Further, if one either granted them that spatial magnitude
consists of these elements, or this were proved, still how would
some bodies be light and others have weight? To judge from what they
assume and maintain they are speaking no more of mathematical bodies
than of perceptible; hence they have said nothing whatever about
fire or earth or the other bodies of this sort, I suppose because they
have nothing to say which applies peculiarly to perceptible things.

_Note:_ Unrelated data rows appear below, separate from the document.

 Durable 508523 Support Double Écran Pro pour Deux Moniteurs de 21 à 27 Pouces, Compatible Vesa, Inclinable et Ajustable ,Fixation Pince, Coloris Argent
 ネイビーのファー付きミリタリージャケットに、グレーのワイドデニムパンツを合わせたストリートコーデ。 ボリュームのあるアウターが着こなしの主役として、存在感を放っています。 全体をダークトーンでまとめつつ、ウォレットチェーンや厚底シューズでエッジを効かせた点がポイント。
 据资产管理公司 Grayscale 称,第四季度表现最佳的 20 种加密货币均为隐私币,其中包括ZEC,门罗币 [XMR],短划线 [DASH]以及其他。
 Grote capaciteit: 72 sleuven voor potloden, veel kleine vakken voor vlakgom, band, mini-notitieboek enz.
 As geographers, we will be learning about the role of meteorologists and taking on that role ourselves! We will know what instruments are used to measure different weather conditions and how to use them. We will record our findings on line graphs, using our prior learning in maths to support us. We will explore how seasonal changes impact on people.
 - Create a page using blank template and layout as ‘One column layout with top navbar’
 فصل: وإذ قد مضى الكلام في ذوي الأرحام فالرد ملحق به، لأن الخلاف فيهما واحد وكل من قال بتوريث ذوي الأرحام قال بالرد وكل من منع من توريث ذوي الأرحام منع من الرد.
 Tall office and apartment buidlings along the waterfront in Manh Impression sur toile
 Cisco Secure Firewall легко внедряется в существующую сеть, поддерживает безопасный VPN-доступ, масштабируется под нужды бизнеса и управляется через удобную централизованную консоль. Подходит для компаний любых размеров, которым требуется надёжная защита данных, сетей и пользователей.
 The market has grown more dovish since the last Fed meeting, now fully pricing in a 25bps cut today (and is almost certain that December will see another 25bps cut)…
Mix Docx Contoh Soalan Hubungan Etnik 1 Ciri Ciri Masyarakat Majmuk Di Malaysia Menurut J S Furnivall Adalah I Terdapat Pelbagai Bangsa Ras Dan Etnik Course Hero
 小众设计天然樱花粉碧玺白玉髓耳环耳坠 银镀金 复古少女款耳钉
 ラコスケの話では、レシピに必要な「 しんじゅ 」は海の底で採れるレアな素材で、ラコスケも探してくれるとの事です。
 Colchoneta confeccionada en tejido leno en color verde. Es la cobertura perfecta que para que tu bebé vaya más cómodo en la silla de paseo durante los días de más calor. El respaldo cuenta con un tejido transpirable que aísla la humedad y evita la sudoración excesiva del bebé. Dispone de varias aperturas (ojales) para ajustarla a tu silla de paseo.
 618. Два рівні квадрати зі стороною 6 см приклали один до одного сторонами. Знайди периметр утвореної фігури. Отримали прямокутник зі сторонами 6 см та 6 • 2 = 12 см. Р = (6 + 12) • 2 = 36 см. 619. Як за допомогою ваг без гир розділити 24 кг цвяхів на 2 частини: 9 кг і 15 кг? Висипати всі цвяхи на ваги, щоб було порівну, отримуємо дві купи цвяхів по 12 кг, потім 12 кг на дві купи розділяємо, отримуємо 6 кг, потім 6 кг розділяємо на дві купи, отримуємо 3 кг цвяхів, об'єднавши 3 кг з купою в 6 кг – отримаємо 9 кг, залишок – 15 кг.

Further, how are we to combine the beliefs that the attributes
of number, and number itself, are causes of what exists and happens in
the heavens both from the beginning and now, and that there is no
other number than this number out of which the world is composed? When
in one particular region they place opinion and opportunity, and, a
little above or below, injustice and decision or mixture, and
allege, as proof, that each of these is a number, and that there
happens to be already in this place a plurality of the extended bodies
composed of numbers, because these attributes of number attach to
the various places,-this being so, is this number, which we must
suppose each of these abstractions to be, the same number which is
exhibited in the material universe, or is it another than this?
Plato says it is different; yet even he thinks that both these
bodies and their causes are numbers, but that the intelligible numbers
are causes, while the others are sensible.
9

Let us leave the Pythagoreans for the present; for it is enough to
have touched on them as much as we have done. But as for those who
posit the Ideas as causes, firstly, in seeking to grasp the causes
of the things around us, they introduced others equal in number to
these, as if a man who wanted to count things thought he would not
be able to do it while they were few, but tried to count them when
he had added to their number. For the Forms are practically equal
to-or not fewer than-the things, in trying to explain which these
thinkers proceeded from them to the Forms. For to each thing there
answers an entity which has the same name and exists apart from the
substances, and so also in the case of all other groups there is a one
over many, whether the many are in this world or are eternal.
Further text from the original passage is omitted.